Op unieke wijze is Maria bij Christus en ook bij zijn heilswerk betrokken en, na haar, iedere gedoopte volgens eigen kunnen. Zij is bovendien een kostbare hulp om open te gaan staan voor Gods Geest. De opstapeling van de voorzetsels ‘door’, ‘met’, ‘in’ en ‘voor’, wijst naar een innig contact met Maria dat voert tot een verbondenheid met Christus. En daar gaat het om: ‘door’, ‘met’, ‘in’ en ‘voor’ Jezus Christus gaan leven; je moet ‘nieuw’ geboren worden, Gods christus worden, zijn gezalfde onder de mensen.

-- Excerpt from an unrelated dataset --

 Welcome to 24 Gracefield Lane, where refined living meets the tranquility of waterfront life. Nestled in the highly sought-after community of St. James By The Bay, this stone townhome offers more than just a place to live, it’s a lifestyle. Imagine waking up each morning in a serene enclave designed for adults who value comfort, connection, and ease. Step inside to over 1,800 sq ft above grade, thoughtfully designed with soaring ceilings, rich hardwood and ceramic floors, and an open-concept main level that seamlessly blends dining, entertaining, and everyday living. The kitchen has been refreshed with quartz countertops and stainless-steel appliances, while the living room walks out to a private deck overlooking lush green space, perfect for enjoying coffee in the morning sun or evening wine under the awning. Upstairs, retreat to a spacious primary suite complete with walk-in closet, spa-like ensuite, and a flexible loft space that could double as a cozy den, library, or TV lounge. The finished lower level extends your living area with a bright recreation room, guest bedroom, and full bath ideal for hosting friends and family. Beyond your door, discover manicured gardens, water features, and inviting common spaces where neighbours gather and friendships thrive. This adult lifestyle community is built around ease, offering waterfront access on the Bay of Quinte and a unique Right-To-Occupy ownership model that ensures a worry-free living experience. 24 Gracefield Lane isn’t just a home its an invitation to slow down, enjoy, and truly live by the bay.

Het is geen uitvindsel van Montfort, hij verwijst naar getuigenissen van heiligen en put rijkelijk uit een vat vol Bijbelbeelden. Het is een mystieke lezing van de Schrift die steunt op de ervaring. Het uitgangspunt is duidelijk: Maria is ‘vol van genade’, de Heilige Geest is over haar gekomen. Als jij je laat leiden door haar geest, gaat ook over jou de wereld van God open.

Door Maria

Montfort gaat dieper in op eerder vernoemde tips. Doe zoals Maria, neem je eigen plannen en inzichten niet als de enig goede of mogelijke optie voor een geslaagd leven, doe je dat wel, dan bied je geen ruimte voor de werkzaamheid van de Schepper. Slechts als je Godgericht leeft, kan Zijn Geest je bereiken, zoals dat Maria overkomen is: “Deze Geest heeft zich zozeer meester van haar gemaakt dat Hij haar eigen geest is geworden.”

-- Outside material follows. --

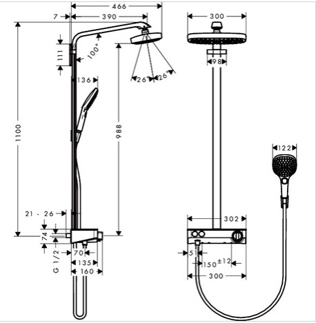Hansgrohe Raindance Select E 300 2jet ST Showerpipe EcoSmart
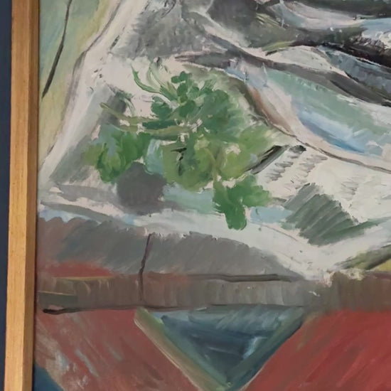 The painting is surface cleaned and comes with a complementary, well-suited vintage wooden. Both painting and frame may show some age-related wear and tear, which largely contributes to their charm. The best way to see this is through the photos, so study them because they form the description.

Door je helemaal aan haar toe te vertrouwen, zo zegt hij, word je als een muziekinstrument dat zij met haar vingers bespeelt, je gaat meer en meer openstaan voor God. Hoe doe je dat? De ervaren pedagoog verwijst naar de kracht van de herhaling: bevestig je je te pas en te onpas toegewijdheid aan haar, zij zal zich aan jou toewijden en werkzaam worden. Je zal worden als Maria, tegelijk: “…mild en sterk, geestdriftig en behoedzaam, nederig en moedig, zuiver en vruchtbaar” (258).  

Met Maria

“Bij elke handeling moet je nagaan: 'Hoe deed Maria dit, of hoe zou zij het doen, als zij in mijn plaats was?' schrijft Montfort, zo leer je haar beter kennen. Hij verwijst naar haar drie grondhoudingen: haar levendig geloof (van bij de Aankondiging tot op Golgota), haar diepe nederigheid tijdens haar leven (zij ging niet prat op haar uitverkiezing door God) en een radicale openheid voor God (nooit door iemand geëvenaard).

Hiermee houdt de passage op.